The Rarău Massif is a subgroup of the Moldo-Transylvanian Carpathians, located in the Eastern Romanian Carpathians. The highest peak is Rarău, with an altitude of 1651 m, and the lowest altitude is 600 m, in the Moldova River valley.

== Location and geography ==
The Rarău Massif is located in northern Romania (Suceava County), in the historical region of Bukovina, between the valleys of the Moldova and Bistrița rivers. The closest population centers are the towns of Câmpulung Moldovenesc and Vatra Dornei and the commune of Pojorâta. The total surface of the Rarău Massif is ca. 160 square kilometers.

The peak is easily accessible on foot on marked trails. By car, the Massif is accessible up to an altitude of 1520 m, via the Transrarău road (DJ175B).

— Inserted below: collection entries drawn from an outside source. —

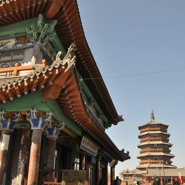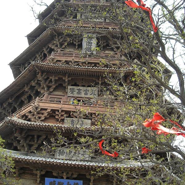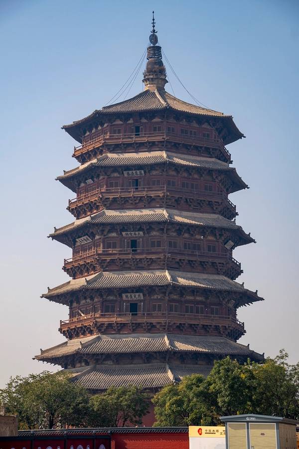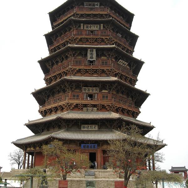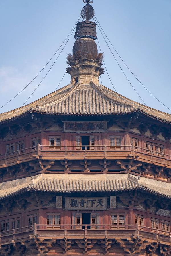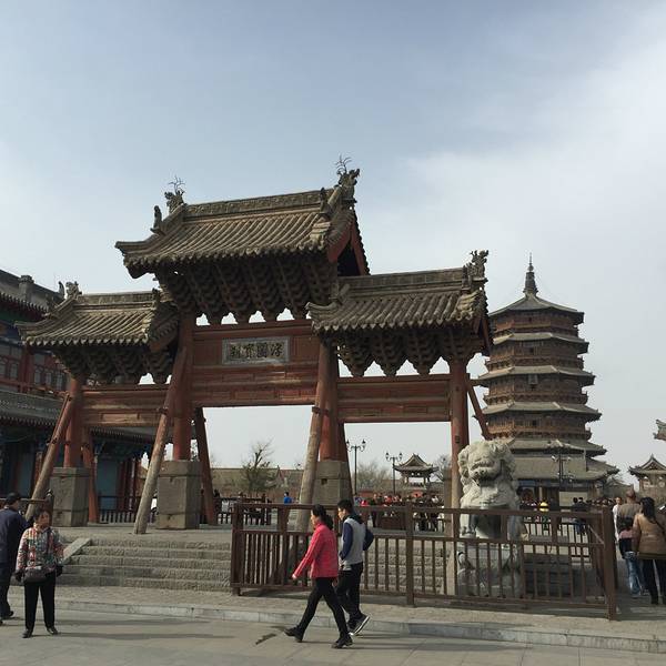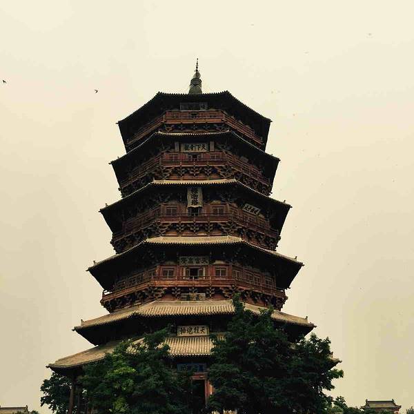 稀有的辽代古建筑,是我国现存最高最古老的木塔,建筑中没有用一根铁钉。 在第一层内,有高达11米的释迦摩尼佛像,还有色彩鲜艳的壁画。 塔上有明代两位皇帝亲自题写的匾额:“峻极神功”和“天下奇观”。
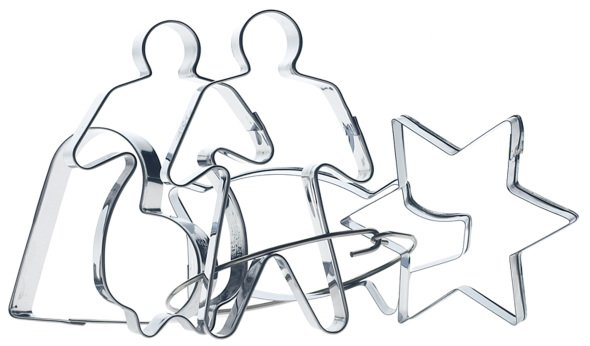 Viisi ruostumattomasta teräksestä valmistettua piparkakkumuottia, jotka on kaikki erimuotoisia; tähti, sydän, possu, mies ja nainen. Valikoimasta löytyy myös muita usean muotoisia muotteja.
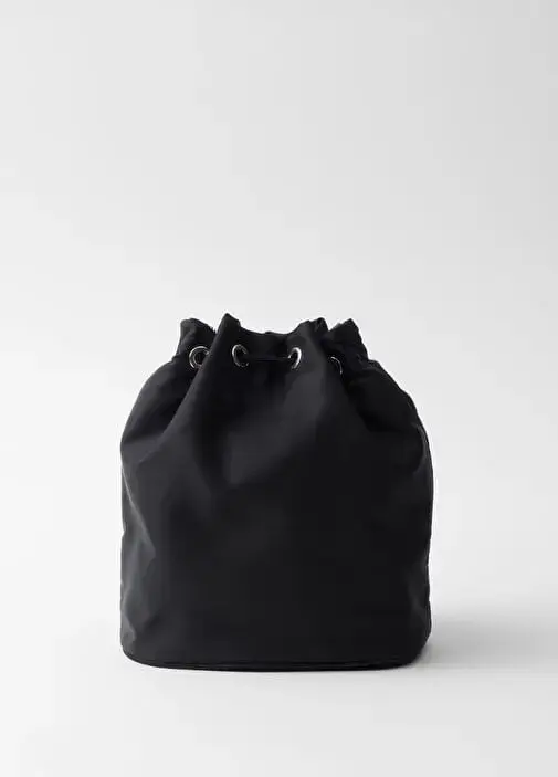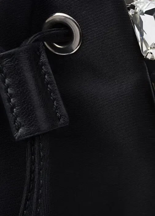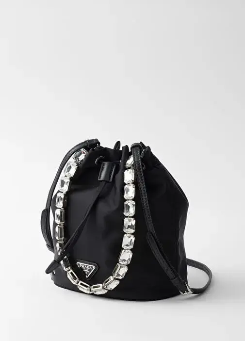 This mini-bag inspired by an archive design features a bucket bag silhouette and is made of Re-Nylon, the innovative regenerated nylon yarn that is an evolution of Prada’s iconic fabric. The refined accessory, which can be carried by hand or worn with the removable shoulder strap, is enriched with an elegant jeweled handle
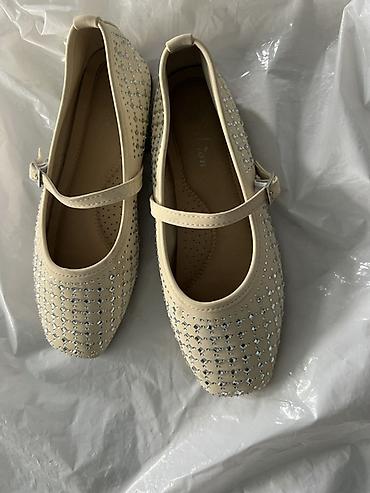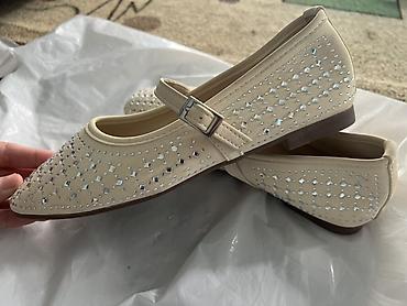Балетки с ремешком Mary Jane, бежевые, со стразами - Материал верха
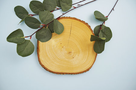 Top view of empty wooden cut with eucalyptus leaves on paper craft background. Mockup presentation for goods or cosmetics. close up.
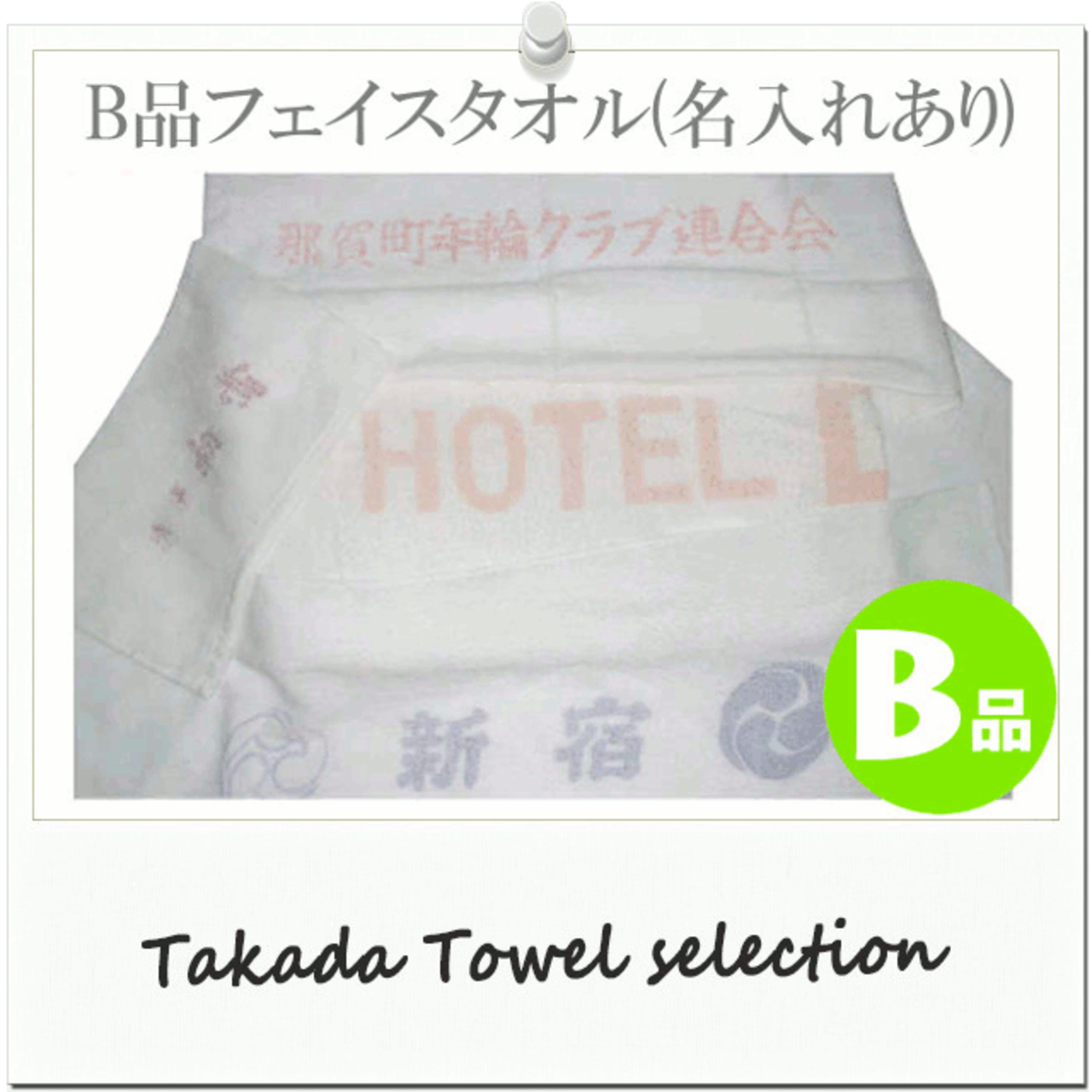 捺染、印刷、プリント、刺繍等の別注名入れフェイスタオル(白)のB品。
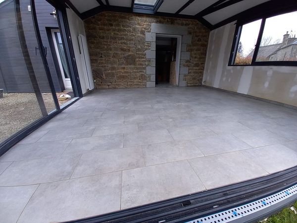 Réalisation d'une maçonnerie de véranda avec isolation des sols et carrelage en partenariat avec Concept Alu Argentan
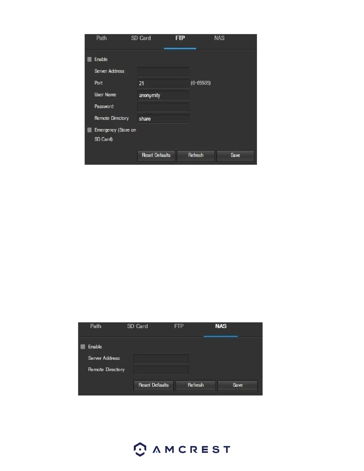 • Enable: This checkbox allows the user to enable NAS uploading for the camera’s recorded media. •

The massif is known for its many picturesque limestone formations. The best known is Pietrele Doamnei, a group of three large limestone pillars located at a height of 1400 m, close to the peak.

== Climate ==
The average temperature in January is -7 C at the Rarău Meteorological Station, with significant differences are registered between the slopes with northern and southern orientation. The average temperature for July is 11.4 C for the Rarău station, with minimal differences between the slopes with northern and southern exposure.

Precipitations at the Rarău Meteorological Station have a multi-annual average of 909 mm, with an average of 163 days of snow cover per year.